After completing a two-day review to understand the causes of the Uttar Pradesh rout, Rahul has been meeting Congress leaders and workers from across the country to listen to their views on political and organisational issues.
The development is a pointer to two emerging trends within the party: Rahul’s growing willingness to step out of the confines of the Youth Congress and Uttar Pradesh and Sonia Gandhi’s slow withdrawal from organisational matters.
Rahul’s recent meetings suggest that he is looking beyond the official machinery of office-bearers, entrenched leaders and MPs. He has been meeting loyalists of his late father Rajiv Gandhi, many of whom are no longer in the party mainstream, former MPs and MLAs and ordinary workers, who rarely get the opportunity to talk to central leaders.
There have been instances in recent weeks of Rahul’s office inviting people, who never sought an appointment, for discussion.
Party sources say Rahul has been holding long meetings with Sonia’s political secretary, Ahmed Patel, to understand the organisation and gather information about old family loyalists.

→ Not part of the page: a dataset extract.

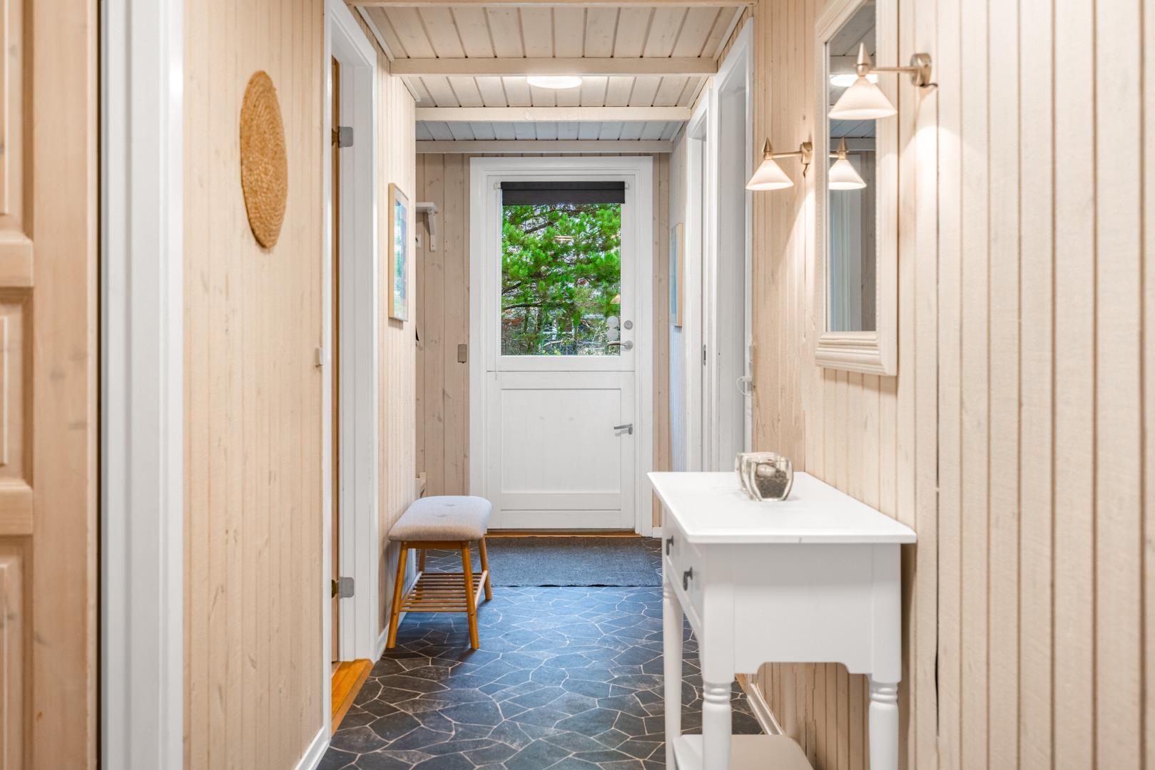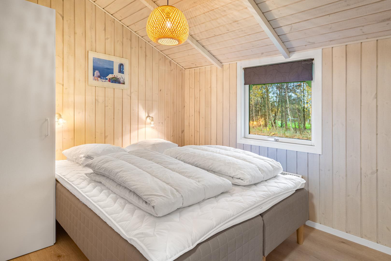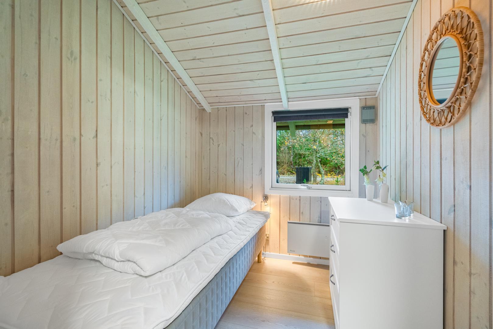 Dette hyggelige sommerhus ligger fredeligt på en dejligt naturgrund med græsplæne – oplagt til familier med børn. Huset byder på en god planløsning med fire soveværelser: to med dobbeltseng, ét med enkeltseng og ét med køjeseng. Alle rum fremstår lyse, venlige og funktionelle.

The exercise will also address a grievance among some leaders that Rahul has not been working in tandem with the parent organisation in his passion to make a difference with youth power. Many senior leaders have sensed a lack of synergy between Rahul’s team and the parent party.
“He is ready to listen to others now. Unlike the past, when he would rely more on the data collected in his computer and seek suggestions on brief points, he now understands the importance of political analysis,” a leader, who met him recently said.
Many feel that Rahul, who had done his basics right by taking tips from political scientists such as Zoya Hasan and Sudha Pai, had followed it up by giving too much importance to armchair analyses of issues and statistics.
Now, after the Uttar Pradesh experience, he seems to have realised that ground realities in this diverse and vast country can be understood best through discussions with those wedded to the grassroots.
During his current meetings, if Rahul is asking someone from Andhra Pradesh the reason for Jaganmohan Reddy’s popularity, he is seeking a Bihar leader’s opinion on why the upper castes have deserted the Congress in the state.
He has been asking questions about organisational decline, caste loyalties, mass mobilisation, local-level leadership building, the strengths of the rivals and the voting patterns among various social groups.
Such exercises can help Rahul build his own, independent network for nationwide information-gathering at a time he is being bombarded with complaints that he is constantly misled by party office-bearers and coteries.
Rahul has also realised that professional agencies’ analyses cannot substitute for political inputs from the grassroots. The poor selection of candidates in Uttar Pradesh, caused by vested interests and apolitical inputs, has rattled both him and Sonia.
During his recent interactions with ordinary party workers, one of the most serious complaints Rahul received was of “gutbandi” (factionalism) at every level in the party in addition to the coterie culture at its highest echelons.